EXERCISE DETAILS:
Lines outside the range are not wanted. Give again exactly the lines between the line holding "От экосистем следует" and the line holding "mocassino tacco 5", inclusive, from the listing below.

RECORDS FOR THIS TASK:
------

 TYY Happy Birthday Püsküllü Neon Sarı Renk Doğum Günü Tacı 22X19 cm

------

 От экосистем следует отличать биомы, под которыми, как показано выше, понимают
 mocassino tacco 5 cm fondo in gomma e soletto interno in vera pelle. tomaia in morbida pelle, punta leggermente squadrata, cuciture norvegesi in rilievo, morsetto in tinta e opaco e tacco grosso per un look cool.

------

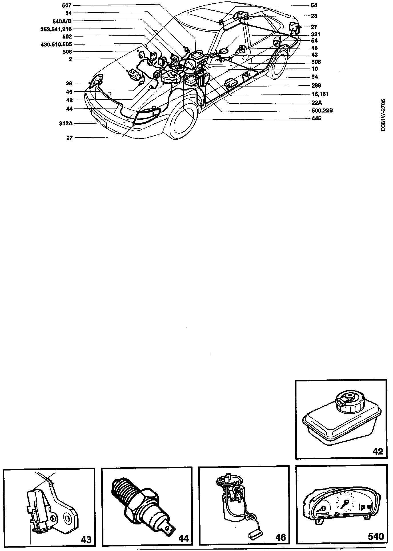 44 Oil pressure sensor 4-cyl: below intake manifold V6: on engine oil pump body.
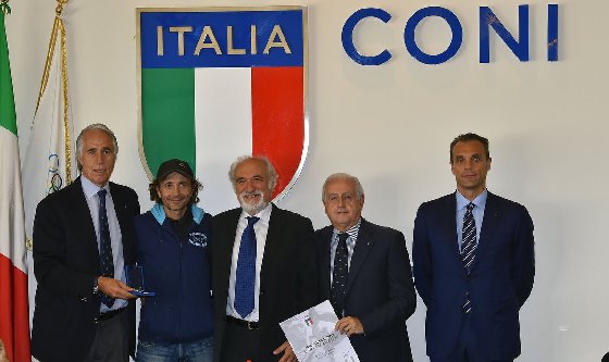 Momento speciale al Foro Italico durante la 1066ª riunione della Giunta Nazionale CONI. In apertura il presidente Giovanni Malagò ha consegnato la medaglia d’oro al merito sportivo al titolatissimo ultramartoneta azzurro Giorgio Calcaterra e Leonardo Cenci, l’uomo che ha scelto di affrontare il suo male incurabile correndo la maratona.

------

OUTPUT FOR THIS TASK:
 От экосистем следует отличать биомы, под которыми, как показано выше, понимают
 mocassino tacco 5 cm fondo in gomma e soletto interno in vera pelle. tomaia in morbida pelle, punta leggermente squadrata, cuciture norvegesi in rilievo, morsetto in tinta e opaco e tacco grosso per un look cool.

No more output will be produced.